■ **DATASET SECTION**:
*** Block opens ***

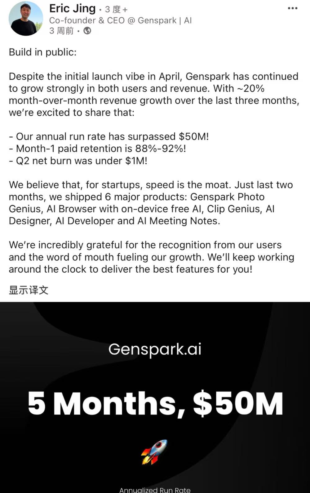 联合创始人兼CEO景鲲在本月初的领英发文中披露,过去三个月,其公司营收环比增长超过20%。截至2024年第三季度,Genspark的年化经常性收入(ARR)已突破5000万美元(约合人民币3.5亿元),首月付费用户留存率达88%–92%,第二季度净亏损控制在100万美元(约合人民币711万元)以内。
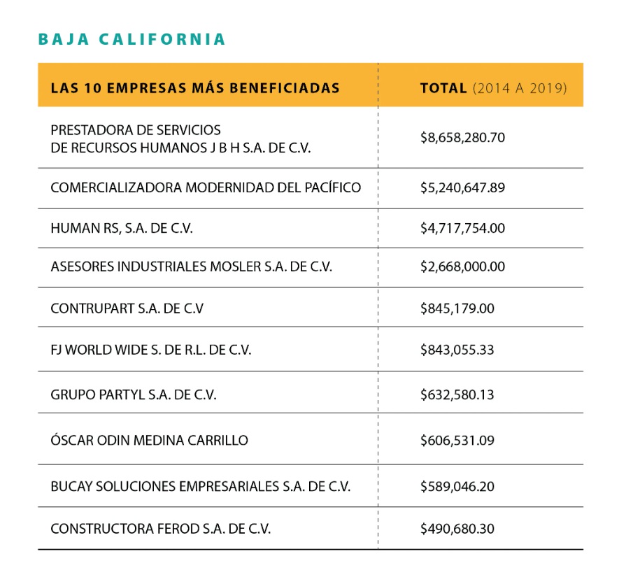 De entre las 50 empresas con las que los municipios de Baja California tuvieron operaciones destacó Prestadora de Servicios de Recursos Humanos JBH SA de CV, la cual comenzó a ser investigada por el SAT en mayo de 2016, pero meses antes había recibido ocho millones 658 mil pesos del gobierno de Ensenada.
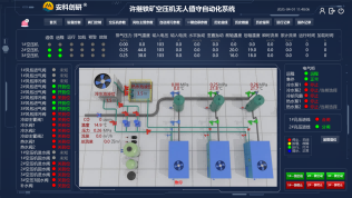 通过对空压机及附属设备运行工况参数的采集、监测、分析、数据查询,实现对压风系统异常项预报警,根据矿井实际需风量智能调配开机台次,实现空压机智能化监控,保障设备安全、经济、可靠运行。
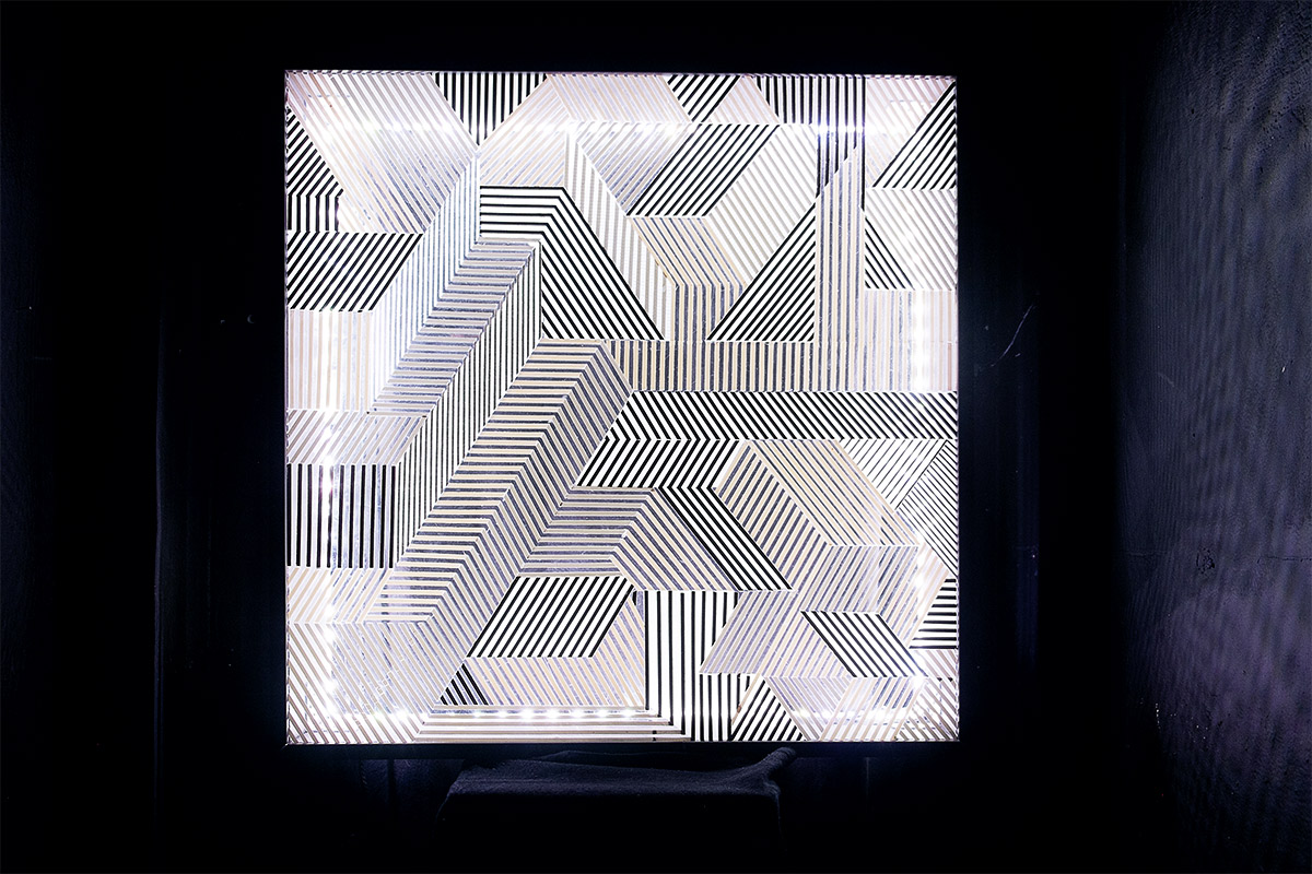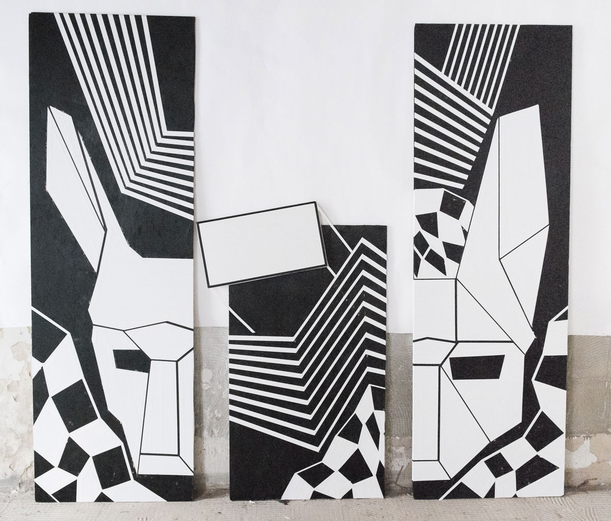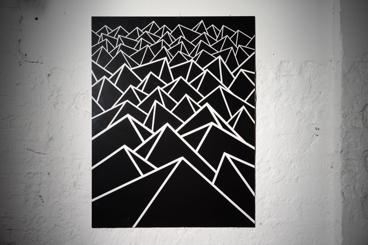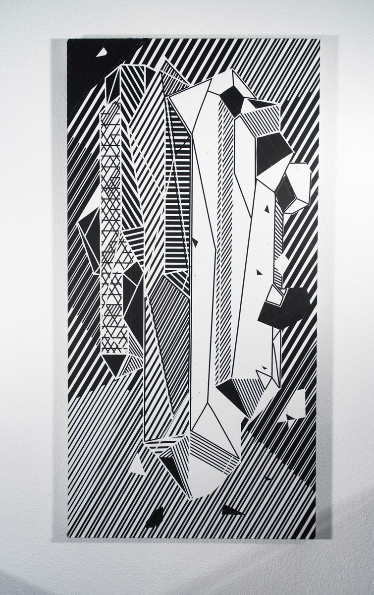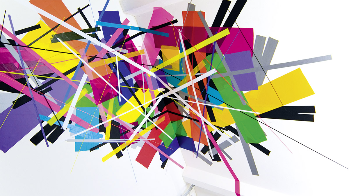 The works are essentially created out of adhesive tape which every member discovered independently from each other in their creative processes. Inspired by the possibility of creating something new out of an everyday object, they use tape to create complex and intricate structures or colorful tape and light installations as well as minimalistic black and white murals and room-installations.

*** Block closes ***

Restate the material above word for word, so that nothing changes except that the pictures are gone.

■ **EXERCISE ANSWER**:
 联合创始人兼CEO景鲲在本月初的领英发文中披露,过去三个月,其公司营收环比增长超过20%。截至2024年第三季度,Genspark的年化经常性收入(ARR)已突破5000万美元(约合人民币3.5亿元),首月付费用户留存率达88%–92%,第二季度净亏损控制在100万美元(约合人民币711万元)以内。
 De entre las 50 empresas con las que los municipios de Baja California tuvieron operaciones destacó Prestadora de Servicios de Recursos Humanos JBH SA de CV, la cual comenzó a ser investigada por el SAT en mayo de 2016, pero meses antes había recibido ocho millones 658 mil pesos del gobierno de Ensenada.
 通过对空压机及附属设备运行工况参数的采集、监测、分析、数据查询,实现对压风系统异常项预报警,根据矿井实际需风量智能调配开机台次,实现空压机智能化监控,保障设备安全、经济、可靠运行。
 The works are essentially created out of adhesive tape which every member discovered independently from each other in their creative processes. Inspired by the possibility of creating something new out of an everyday object, they use tape to create complex and intricate structures or colorful tape and light installations as well as minimalistic black and white murals and room-installations.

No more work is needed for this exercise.